DESCRIPTION OF THE TASK — Leave the images aside and copy out the whole listing, exact to the word.

INFORMATION PROVIDED —
________________________
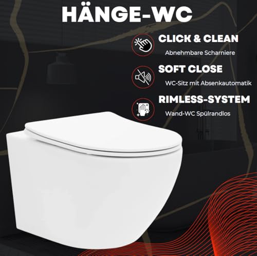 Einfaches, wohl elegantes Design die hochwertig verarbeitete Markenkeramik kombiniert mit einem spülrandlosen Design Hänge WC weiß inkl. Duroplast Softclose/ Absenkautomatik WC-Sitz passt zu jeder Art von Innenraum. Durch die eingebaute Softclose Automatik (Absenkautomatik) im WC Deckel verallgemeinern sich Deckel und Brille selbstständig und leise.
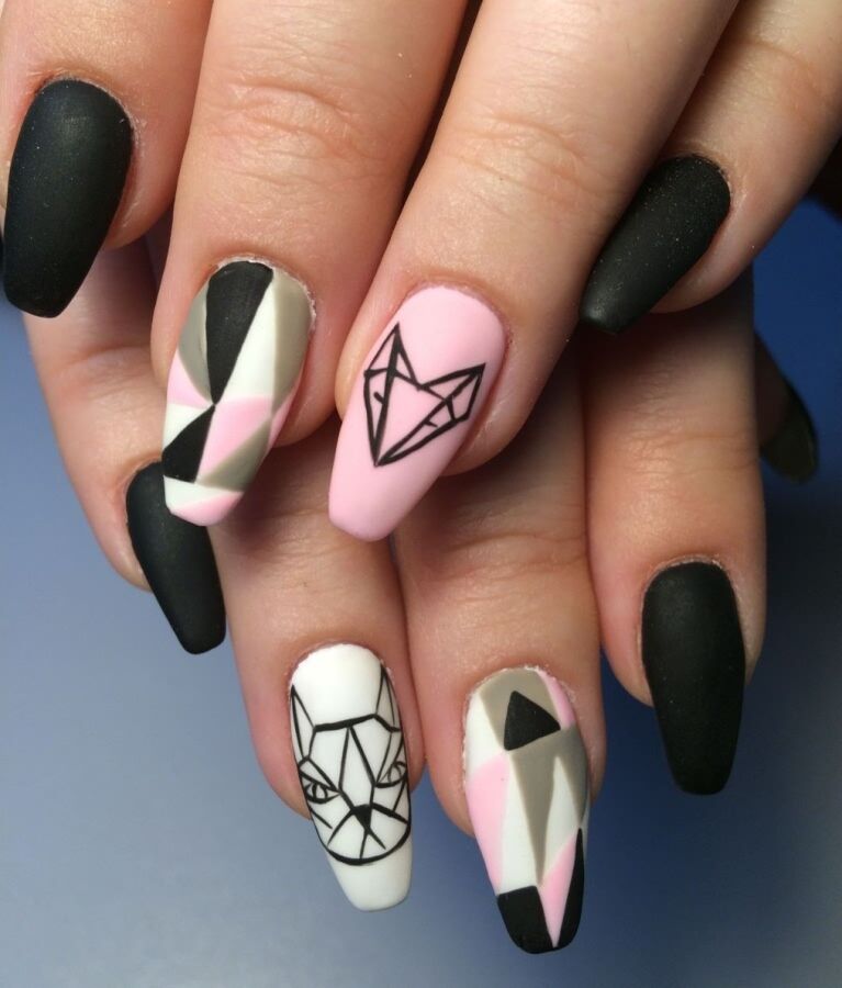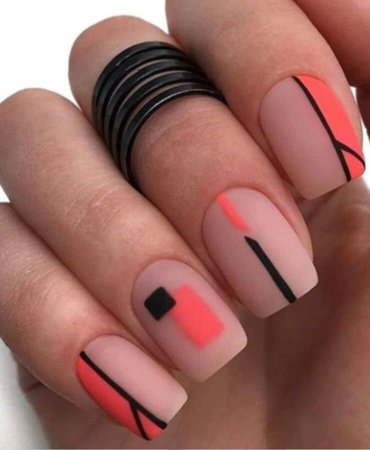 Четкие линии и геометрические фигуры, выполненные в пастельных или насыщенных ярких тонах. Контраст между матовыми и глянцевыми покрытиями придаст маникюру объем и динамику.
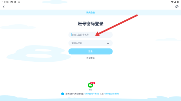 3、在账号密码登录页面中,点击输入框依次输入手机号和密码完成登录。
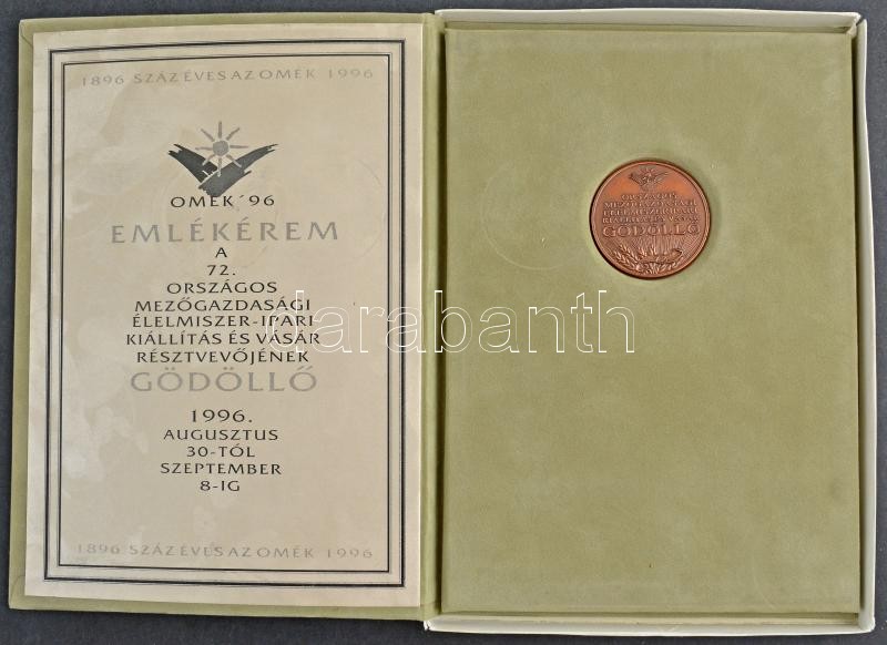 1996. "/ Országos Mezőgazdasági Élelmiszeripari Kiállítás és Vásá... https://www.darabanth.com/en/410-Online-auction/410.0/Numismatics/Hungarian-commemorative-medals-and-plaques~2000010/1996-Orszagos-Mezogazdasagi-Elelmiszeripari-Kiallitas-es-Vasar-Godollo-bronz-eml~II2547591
________________________
RESULT —
 Einfaches, wohl elegantes Design die hochwertig verarbeitete Markenkeramik kombiniert mit einem spülrandlosen Design Hänge WC weiß inkl. Duroplast Softclose/ Absenkautomatik WC-Sitz passt zu jeder Art von Innenraum. Durch die eingebaute Softclose Automatik (Absenkautomatik) im WC Deckel verallgemeinern sich Deckel und Brille selbstständig und leise.
 Четкие линии и геометрические фигуры, выполненные в пастельных или насыщенных ярких тонах. Контраст между матовыми и глянцевыми покрытиями придаст маникюру объем и динамику.
 3、在账号密码登录页面中,点击输入框依次输入手机号和密码完成登录。
 1996. "/ Országos Mezőgazdasági Élelmiszeripari Kiállítás és Vásá... https://www.darabanth.com/en/410-Online-auction/410.0/Numismatics/Hungarian-commemorative-medals-and-plaques~2000010/1996-Orszagos-Mezogazdasagi-Elelmiszeripari-Kiallitas-es-Vasar-Godollo-bronz-eml~II2547591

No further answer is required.